TASK REQUIREMENTS
Leaving out pictures, output exactly the lines below from the one that has "Stunning and completely" through the one that has "Un menu coloré", and nothing else.

EXERCISE MATERIALS: Begin

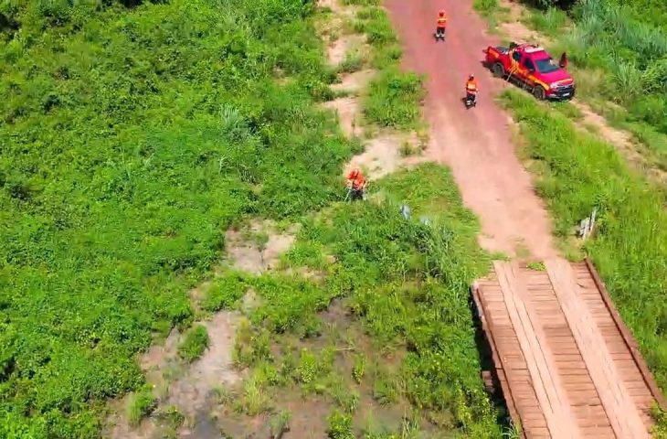 Apesar de encontrar barreiras em relação ao deslocamento das equipes, os bombeiros conseguem chegar nas áreas mais remotas para atuar no combate aos incêndios florestais.
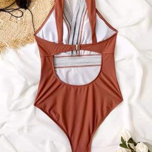 Rust Leopard Print Cut out Back One Piece Swim Monokini
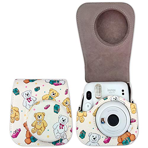 MUZIRI KINOKOO Mini 11 Custodia protettiva compatibile per Fujifilm Mini 11 Instant Camera Custodia in pelle PU con tracolla, Orso colorato.
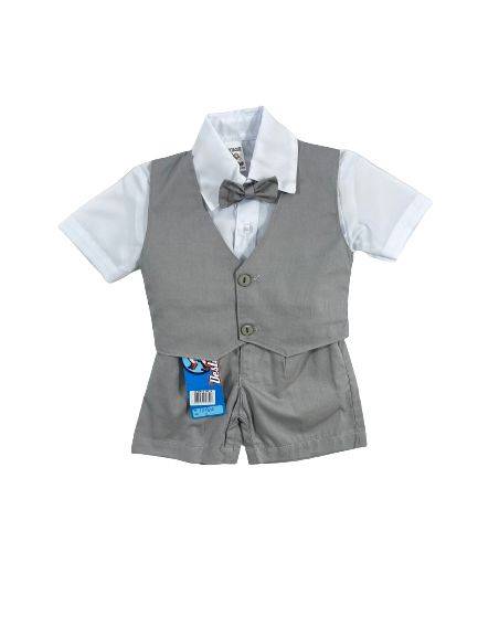 CONJUNTO SOCIAL CURTO, COLETE COM BOLSOS FALSOS,COM GRAVATA BORBOLETA, SUSPENSÓRIO E CINTO. CAMISA SOCIAL MANGA CURTA LISA E BERMUDA SOCIAL.
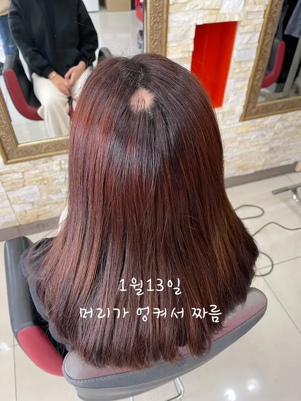 화이자 맞고 원형탈모 진행중 첫번째 사진 : 1차맞고 2주 뒤 발견(미용실가서 이발하다 발견) 2,3,4번째 사진 : 오늘 아침에 찍고 현재도 계속 진행중 1. 처음발견하고 집근처 피부과가서 희석 스테
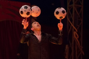Jongleur Rafael Gil startet seinen vielseitigen Auftritt mit einer variantenreichen Keulenjonglage. Vielseitige Routinen werden temporeich absolviert. Fünf Tennisbälle werden zum Abschluss der diversen Muster in Köchern, die an einem Gürtel befestigt sind, gefangen. Anschließend sind drei Fußbälle und ein Sprungseil die Mittel der Wahl. Überraschend der Schlusstrick dieser Passage, den man ansonsten nur mit Zigarrenkistchen sieht. Die abschließenden Touren werden mit Sombreros ausgeführt und lassen das Publikum, nicht nur bei der Runde durchs Gradin, begeistert mitgehen.
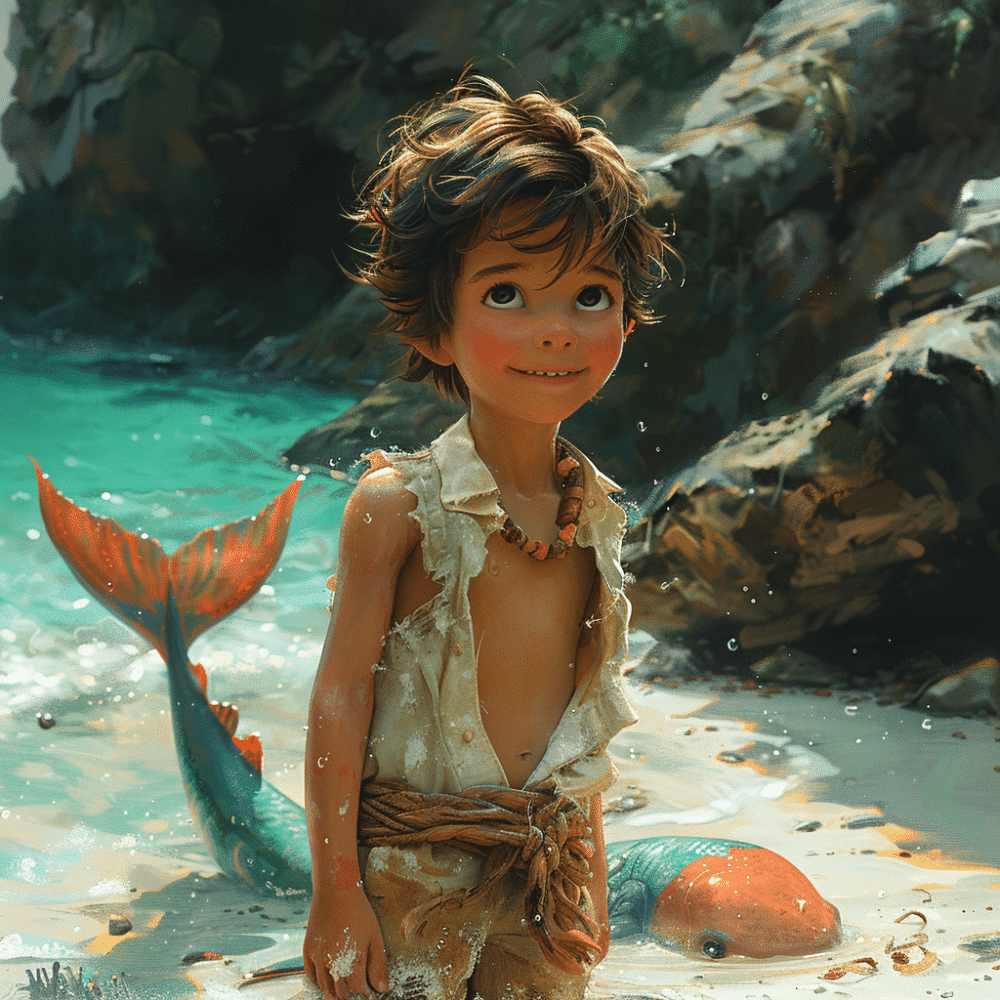 In einer kleinen Küstenstadt, umgeben von schäumenden Wellen und sanftem Meeresrauschen, lebt ein junger Junge namens Ben. Ben hatte schon immer eine endlose Neugier für die Legenden von Meerjungfrauen, die in den Geschichten der Dorfältesten erzählt wurden. Noch bevor die Sonne am Horizont erschien, war Ben draußen auf den sandigen Wegen unterwegs, um seinen Morgen am Strand zu verbringen.
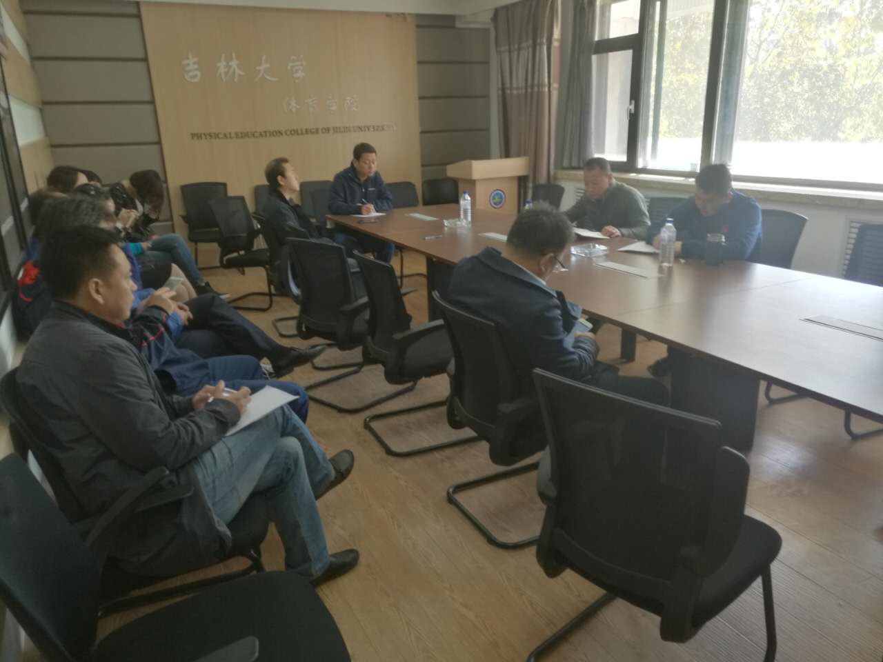 2017年9月30日上午8点30分,在体育馆二楼会议室召开关于加强研究生安全稳定工作的会议,黄漫
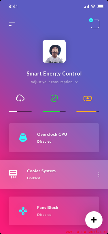 這款A(yù)PP界面采用深灰色底色,沉穩(wěn)大氣,有現(xiàn)代科技感,界面采用卡片式布局。配以粉紅和橘黃作為點(diǎn)綴,讓界面不因深色而顯得呆板。
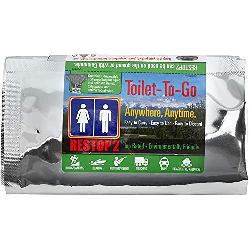 - CONVENIENT ANYWHERE: The RESTOP 2 is ideal for pack it in, pack it out designated areas. The user-friendly drawstring inner waste bag easily folds into the outer bag and can then be discarded into any trash receptacle. Great to use as a portable toilet on road-trips, in marathons, on fishing trips, while camping, at concerts (skip the portapotty), or when youre on a hike. Use with or without a portable commode, travel toilet, or camping toilet.
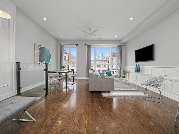 Stunning and completely remodeled 3 unit in Bronzeville. Property boasts 3 large units that have all brand new high end finishes. Top floor owners unit has beautiful designer finishes and details with an open layout and tons of natural light. This is a completely turn key property, nothing to do here. Live in the top floor unit and take advantage of 2 rental units below with excellent rental income coming in. This can also be a luxury rental investment property to add to your portfolio in an appreciating area. Each unit comes with brand new beautiful SS appliance packages, new kitchens, quartz counters, new bathrooms, washer dryer in unit, hardwood flooring, new plumbing and electrical fixtures, new windows, new HVAC and more. Quaint back yard area perfect for summer cookouts. There is a 3 car parking pad in the back of the property. One of the top blocks in Bronzeville.
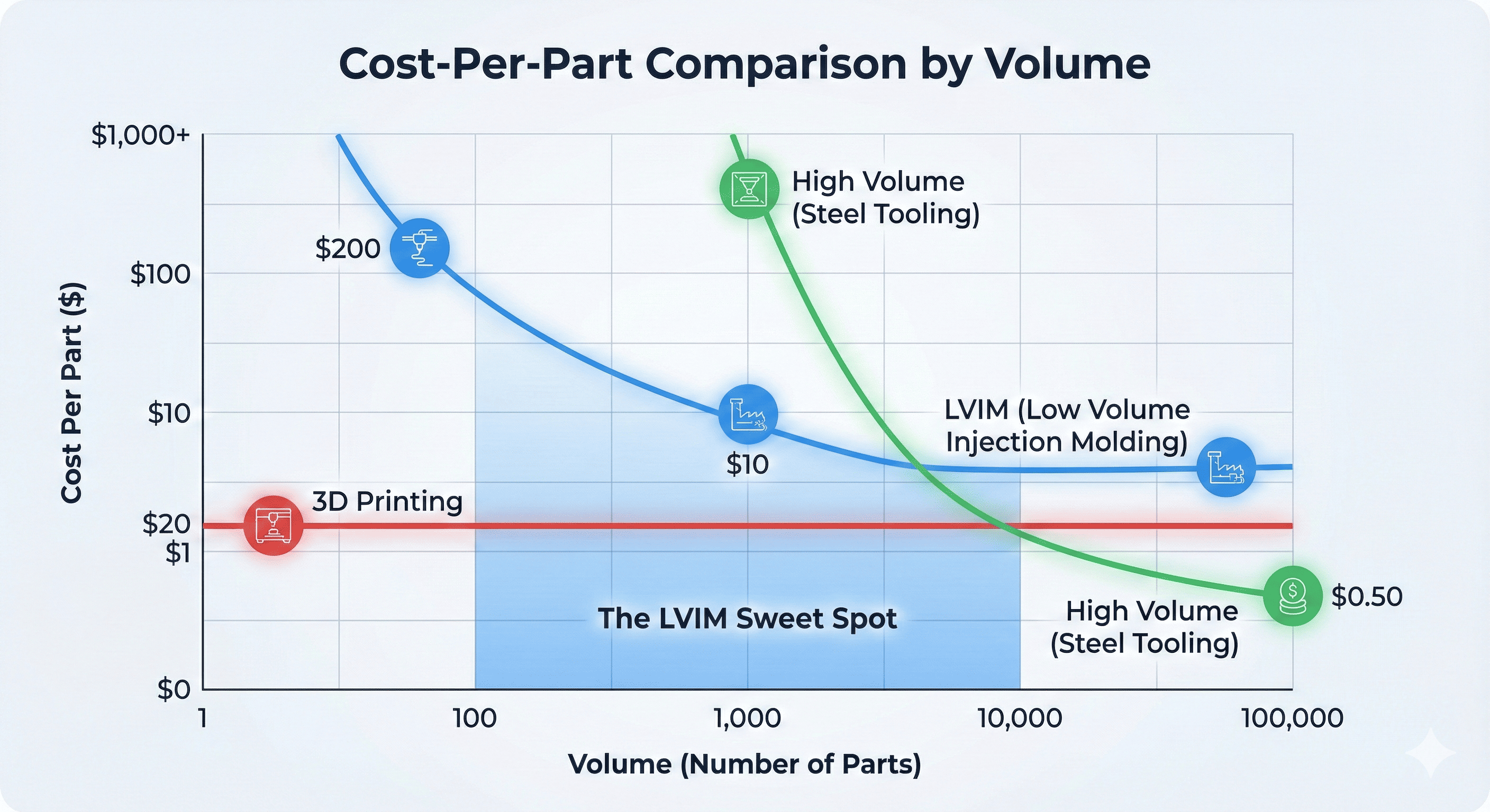 به این موضوع فکر کنید: پرینت سه بعدی مانند سوار شدن به تاکسی است. برای یک سفر کوتاه راحت است، اما برای رانندگی در سراسر کشور از آن استفاده نمی کنید. قالب گیری تزریقی کم حجم مانند اجاره خودرو است. در ابتدا کمی کاغذبازی و پیش پرداخت (هزینه قالب) وجود دارد، اما پس از آن، هر مایل - یا هر قسمت - به طور قابل توجهی ارزان تر است.
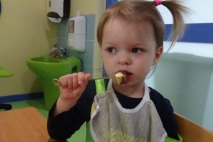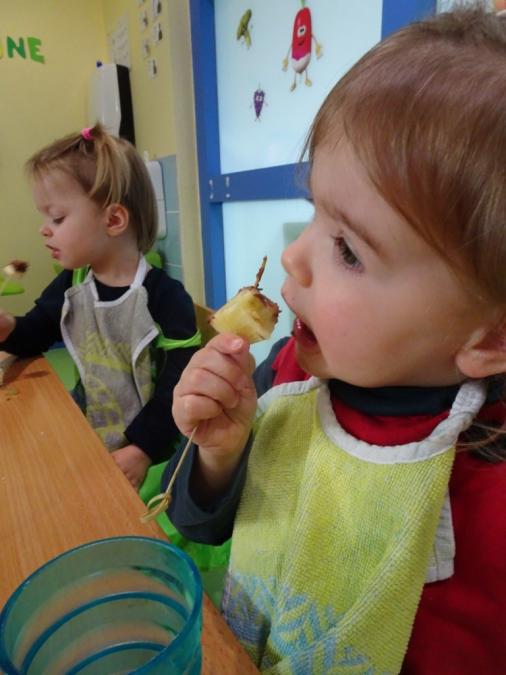 Un menu coloré avec des pâtes de couleurs et des brochettes de fruits déguisés (de chocolat)!
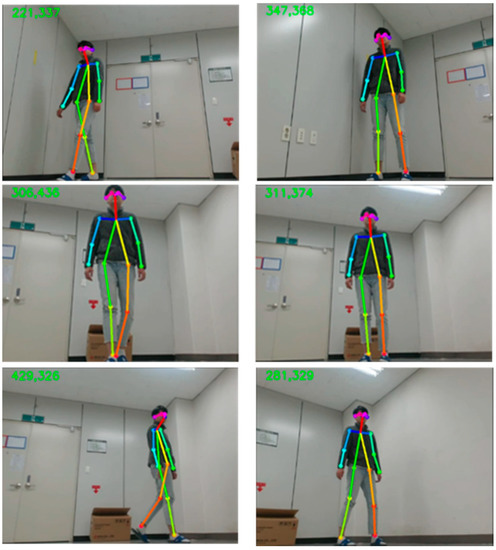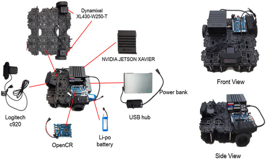 For the purpose of continuous detection and monitoring of a person’s action in the in-doors, we have placed a tracking algorithm in the mobile robot. The mobile robot used in the experiment consists of NVIDIA JETSON XAVIER board [29], OpenCR [30], ROBOTIS Turtlebot [31], and Logitech c920, as shown in Figure 6. Xavier board is an embedded Linux computer, which is the latest addition of the Jetson platform that enables robotic platforms in the field with workstation-level performance. It comprises a 512-core Volta GPU including 64 Tensor cores, 16 GB memory, and an 8-core ARM v 8.2 64-bit CPU. We performed the whole process of joint extraction and action recognition using this board at an average of 15 FPS To control Dynamixel motors [32], we used serial communication with OpenCR and Xavier board, and for tracking, we used the x coordinate of the center of mass of all the joints extracted from OpenPose and the y coordinate of the height of the detected person. These values were estimated from the embedded board and communicated to OpenCR on a serial circuit. The motors were controlled using the tracking algorithm to keep the detected person in the center of the camera screen and maintain the distance between the person and the robot.
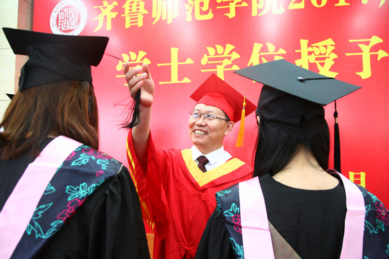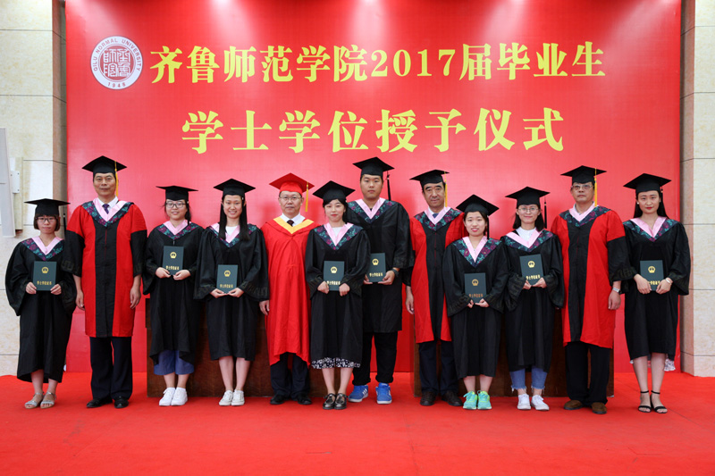 毕业典礼结束后,在图书馆学术报告厅举行了2017届毕业生学士学位授予仪式。学校学位评定委员会主任委员、校长,林松柏教授、副主任委员、副校长刘德增教授、副主任委员、副校长,张福建教授及各学院学位评定分委员会主任委员出席了仪式,并为每位获得学士学位的学生拨穗正冠、颁发证书、合影留念。学位授予仪式在全场师生热情洋溢的掌声中和依依惜别的气氛中圆满结束。 (教务处 邵恒)

EXERCISE MATERIALS: End

RESULT OF THE TASK
 Stunning and completely remodeled 3 unit in Bronzeville. Property boasts 3 large units that have all brand new high end finishes. Top floor owners unit has beautiful designer finishes and details with an open layout and tons of natural light. This is a completely turn key property, nothing to do here. Live in the top floor unit and take advantage of 2 rental units below with excellent rental income coming in. This can also be a luxury rental investment property to add to your portfolio in an appreciating area. Each unit comes with brand new beautiful SS appliance packages, new kitchens, quartz counters, new bathrooms, washer dryer in unit, hardwood flooring, new plumbing and electrical fixtures, new windows, new HVAC and more. Quaint back yard area perfect for summer cookouts. There is a 3 car parking pad in the back of the property. One of the top blocks in Bronzeville.
 به این موضوع فکر کنید: پرینت سه بعدی مانند سوار شدن به تاکسی است. برای یک سفر کوتاه راحت است، اما برای رانندگی در سراسر کشور از آن استفاده نمی کنید. قالب گیری تزریقی کم حجم مانند اجاره خودرو است. در ابتدا کمی کاغذبازی و پیش پرداخت (هزینه قالب) وجود دارد، اما پس از آن، هر مایل - یا هر قسمت - به طور قابل توجهی ارزان تر است.
 Un menu coloré avec des pâtes de couleurs et des brochettes de fruits déguisés (de chocolat)!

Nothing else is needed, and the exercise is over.